Monday, March 2, 2009

On The New Paradigm for Financial Markets

I just finished reading The New Paradigm for Financial Markets: The credit crisis of 2008 and what it means, by George Soros. I quite liked this book. I shall explain.

The book deals mainly with Soros's «Theory of Reflexivity», which is a hypothesis on the workings of societies which postulates that human endeavours cannot be completely modelled mathematically, because the inherent endogeneity of such processes will affect the direction of the result from the quantum to the macro level, c.f. the butterfly effect. Human constructs suffer from «radical fallibility»: they are all ultimately flawed, though the flaws may be hidden long enough for the constructs to flourish. Such is the case, Soros argues, with financial markets and the theory of equilibrium: though the theory has allowed unprecedented growth and wealth creation since World War II, the cracks in the systems of credit expansion and the «market fundamentalism» doctrine of the Reagan and Bush years have finally begun to show. We are living through a pivot point in the history of the financial markets; as the American model of capitalism based on market fundamentalism (i.e., «the market is always right») crumbles before our eyes, a new paradigm to explain the behaviour of financial markets is needed. Soros here proposes his theory of reflexivity. Only when we comprehend how market participants may influence the very fundamentals of the markets will we gain a fuller understanding of their behaviour.

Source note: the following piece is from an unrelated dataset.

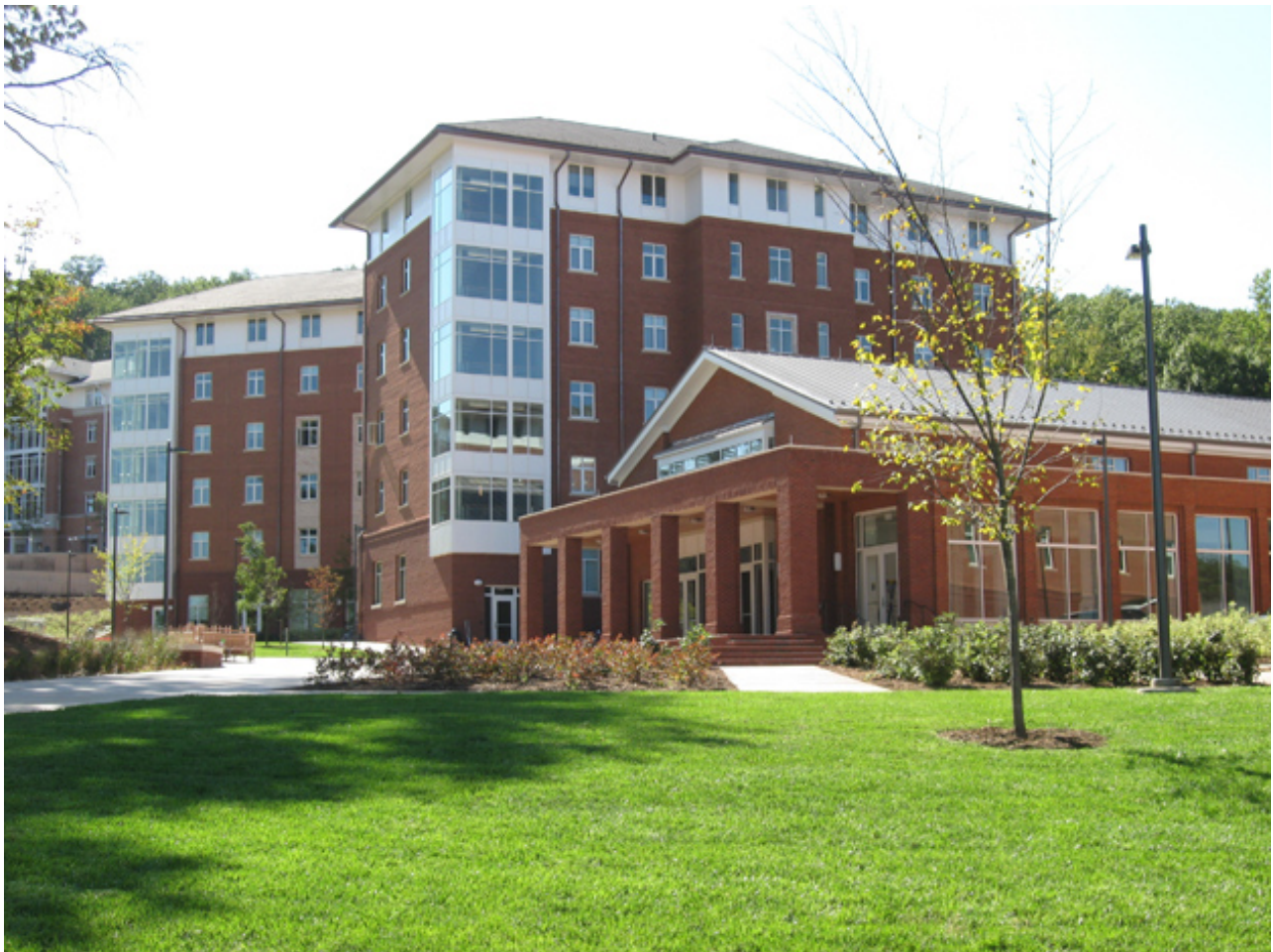
Figure 4 - Alderman Road Housing and Commons

A very wordy summary, but there you go. The book made sense to me, and I liked it. Soros has a very good point when he says that economics ignores to its detriment many of the real-life characteristics of markets, e.g. that supply and demand are not given but are the active consequence of markets, or that rational expectations do not always exist. His theory makes sense; however, it's also too vague not to, it seems. Hopefully, he will be able to flesh out the theory a bit in the future.